__Data supplied__
########

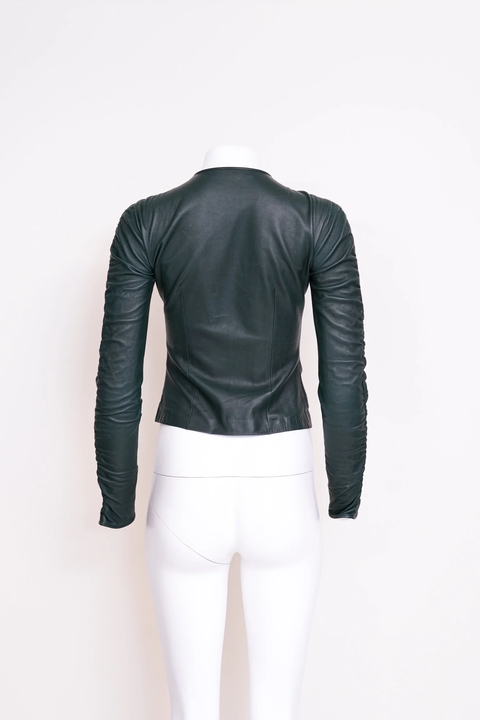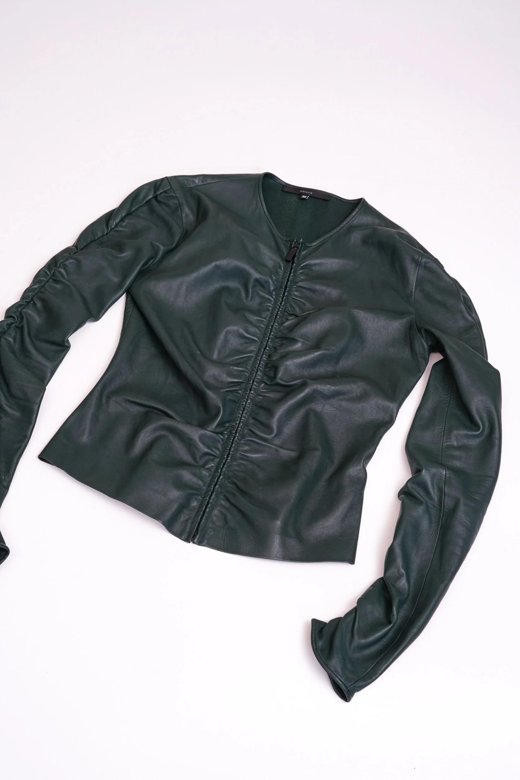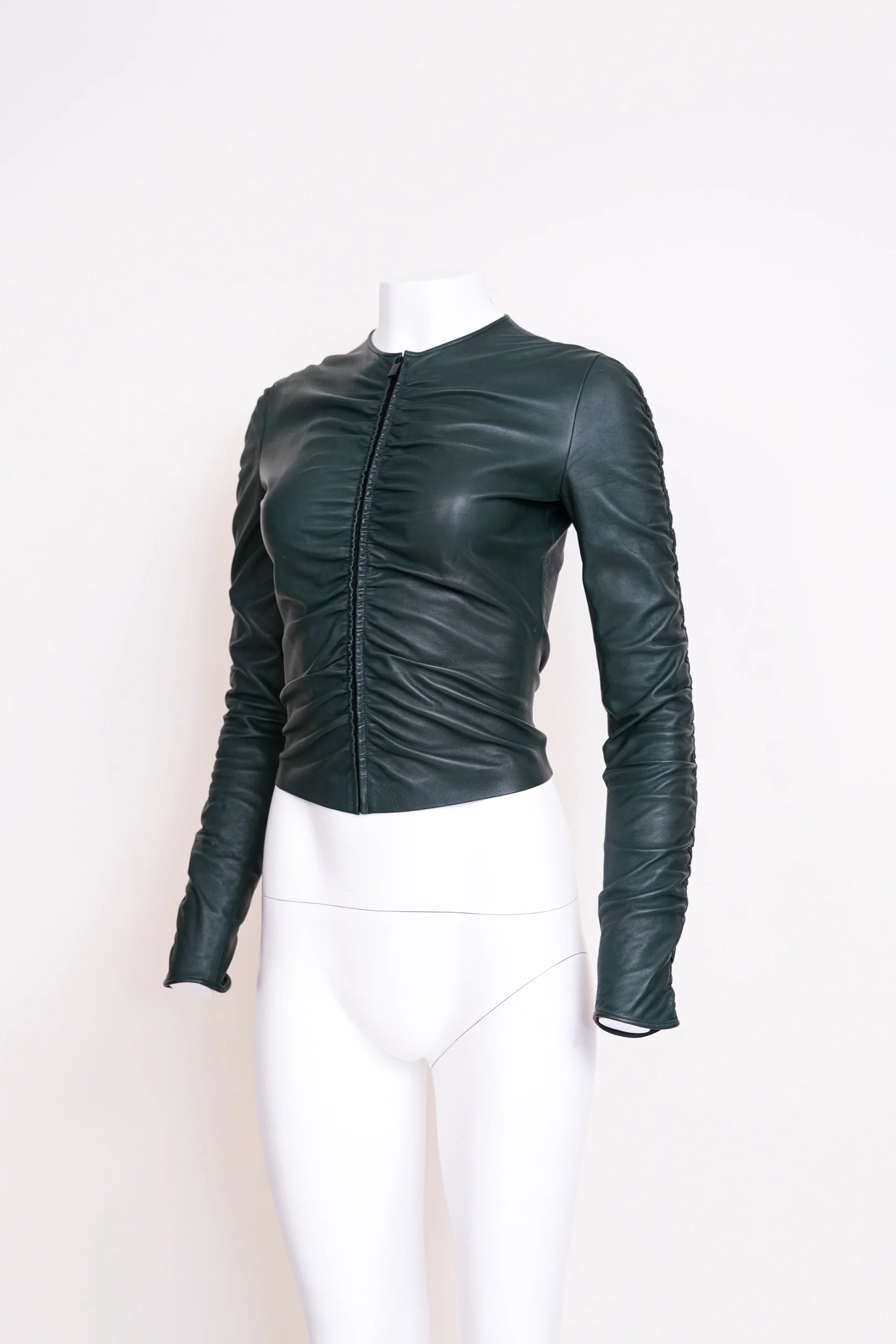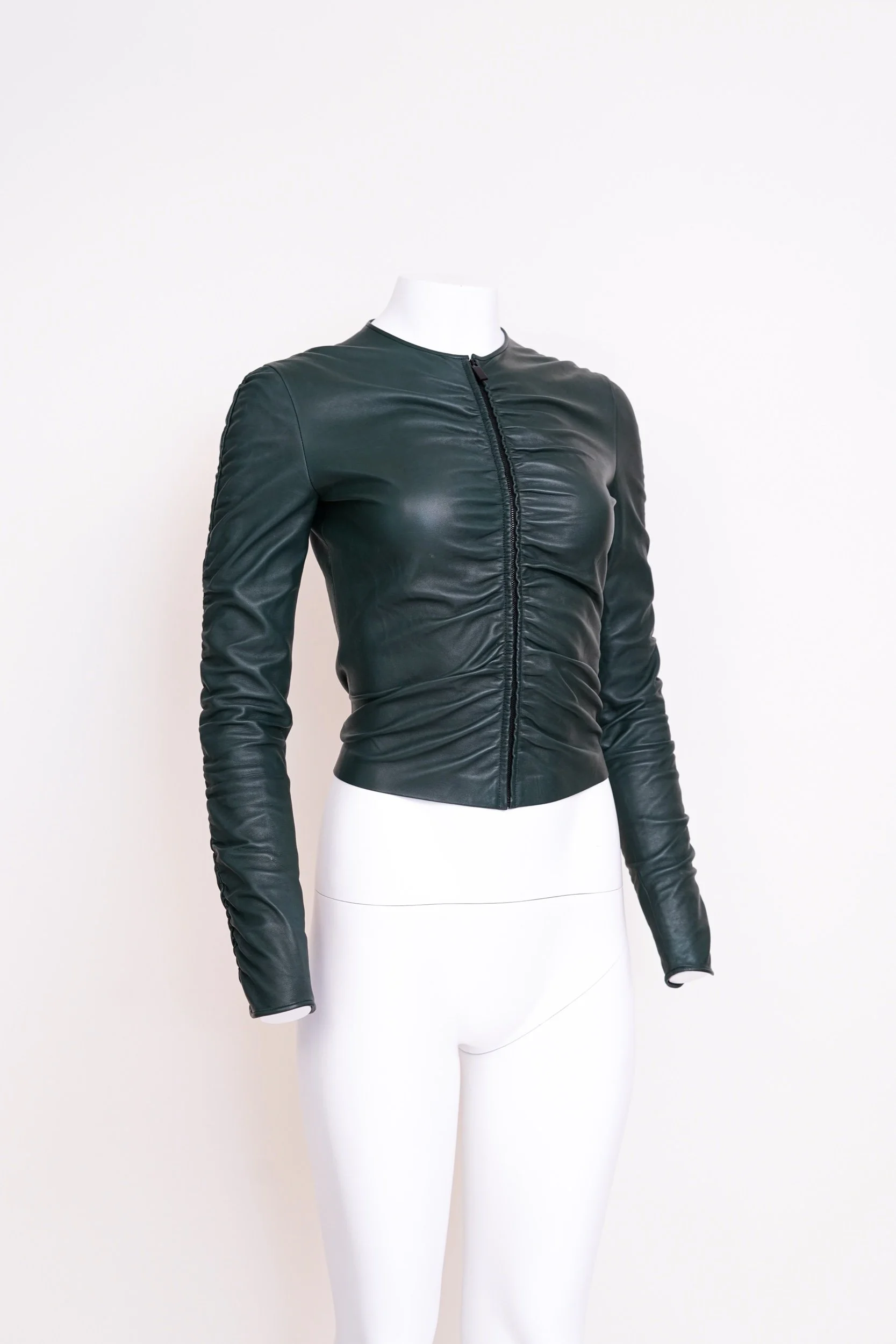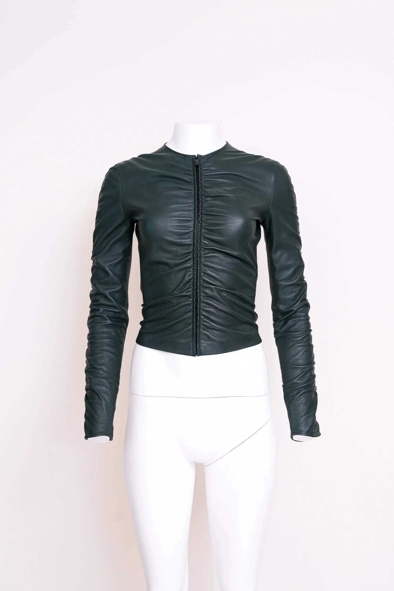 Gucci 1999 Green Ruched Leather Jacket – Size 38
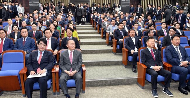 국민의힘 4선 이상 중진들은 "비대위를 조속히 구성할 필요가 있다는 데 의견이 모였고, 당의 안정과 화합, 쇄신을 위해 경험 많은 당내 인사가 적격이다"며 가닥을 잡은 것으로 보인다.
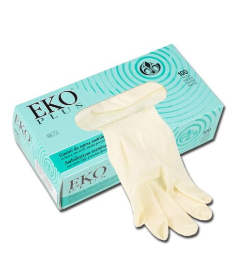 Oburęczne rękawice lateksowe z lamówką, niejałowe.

########

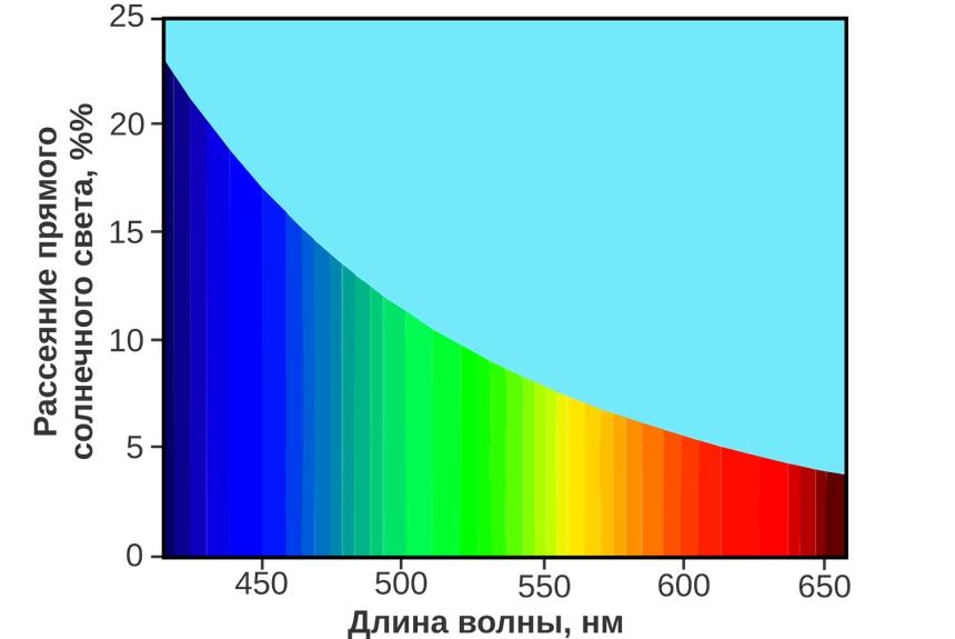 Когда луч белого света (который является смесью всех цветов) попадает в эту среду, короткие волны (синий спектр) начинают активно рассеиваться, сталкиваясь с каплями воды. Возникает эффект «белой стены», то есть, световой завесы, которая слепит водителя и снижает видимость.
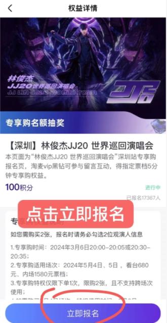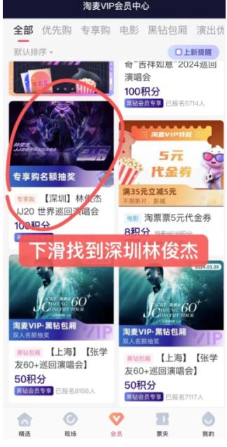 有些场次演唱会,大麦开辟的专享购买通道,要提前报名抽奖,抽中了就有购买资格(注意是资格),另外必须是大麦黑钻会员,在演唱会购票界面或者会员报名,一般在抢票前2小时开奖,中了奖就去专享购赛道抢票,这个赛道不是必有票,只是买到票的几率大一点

########

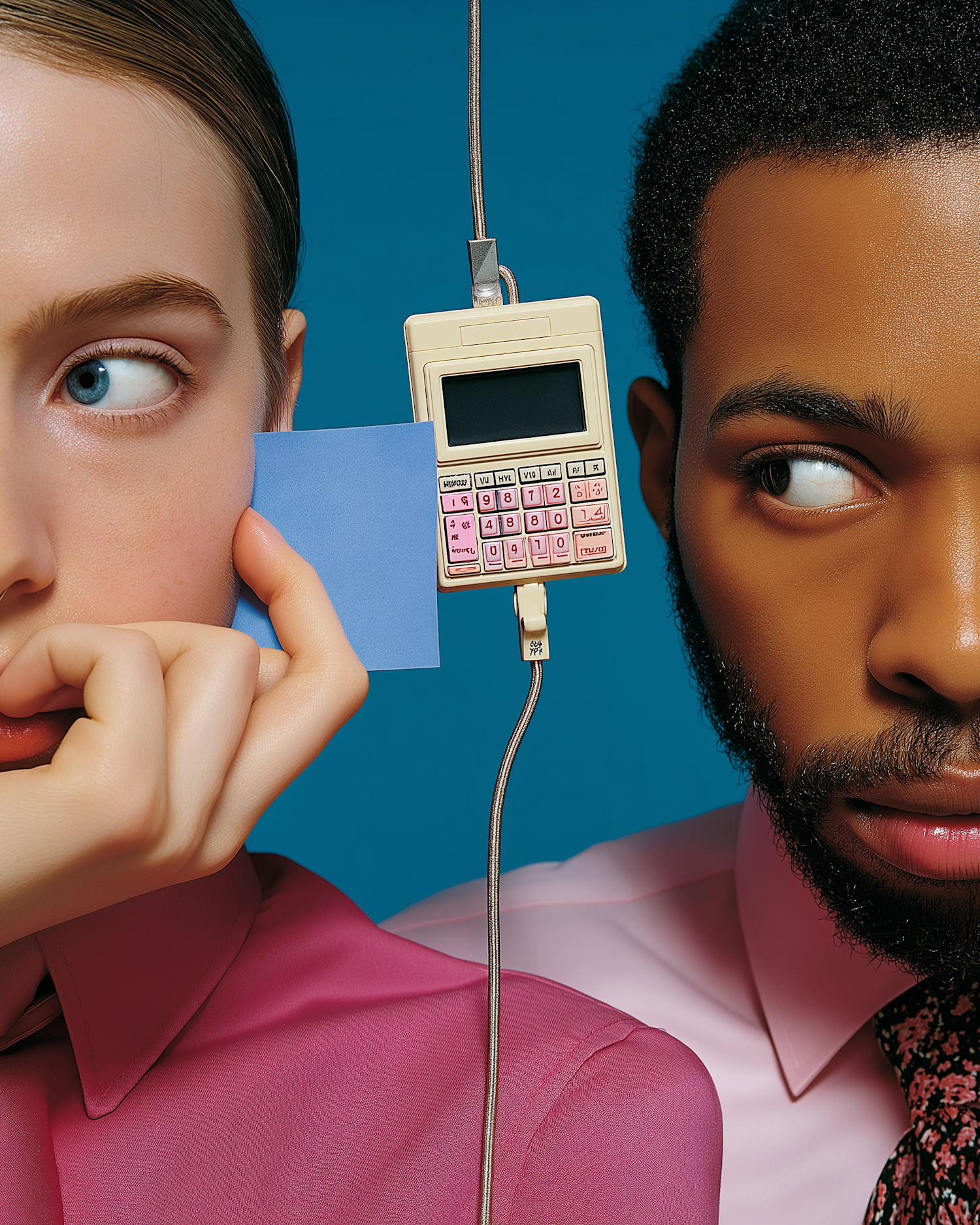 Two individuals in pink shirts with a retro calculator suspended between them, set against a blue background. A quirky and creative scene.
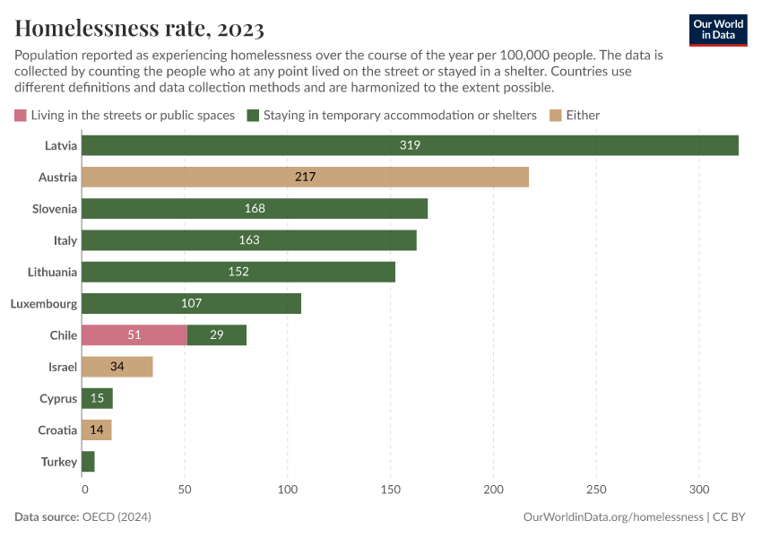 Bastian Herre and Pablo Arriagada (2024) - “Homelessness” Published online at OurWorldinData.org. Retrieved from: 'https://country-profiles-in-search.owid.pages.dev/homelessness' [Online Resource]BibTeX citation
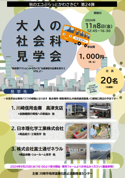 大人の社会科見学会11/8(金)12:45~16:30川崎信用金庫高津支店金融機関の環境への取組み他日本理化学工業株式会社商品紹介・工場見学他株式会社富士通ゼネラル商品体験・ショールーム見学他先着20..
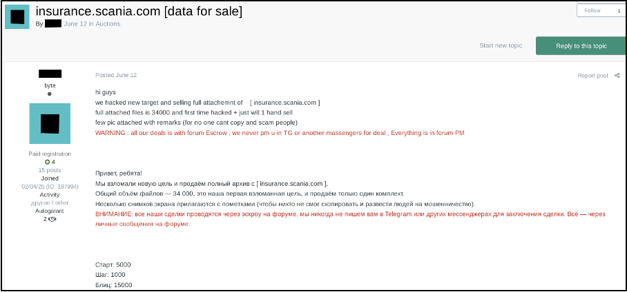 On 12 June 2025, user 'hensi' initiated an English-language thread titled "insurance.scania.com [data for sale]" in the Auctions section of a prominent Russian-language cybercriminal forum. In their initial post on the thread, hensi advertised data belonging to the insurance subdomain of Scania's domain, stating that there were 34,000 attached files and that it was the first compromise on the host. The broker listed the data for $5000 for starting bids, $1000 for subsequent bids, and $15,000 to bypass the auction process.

########

__Activity__
In the listing above, find the line containing "Gucci 1999 Green" and the line containing "Oburęczne rękawice lateksowe", then print exactly those two lines and every line between them, minus the pictures.

__Answer space__
 Gucci 1999 Green Ruched Leather Jacket – Size 38
 국민의힘 4선 이상 중진들은 "비대위를 조속히 구성할 필요가 있다는 데 의견이 모였고, 당의 안정과 화합, 쇄신을 위해 경험 많은 당내 인사가 적격이다"며 가닥을 잡은 것으로 보인다.
 Oburęczne rękawice lateksowe z lamówką, niejałowe.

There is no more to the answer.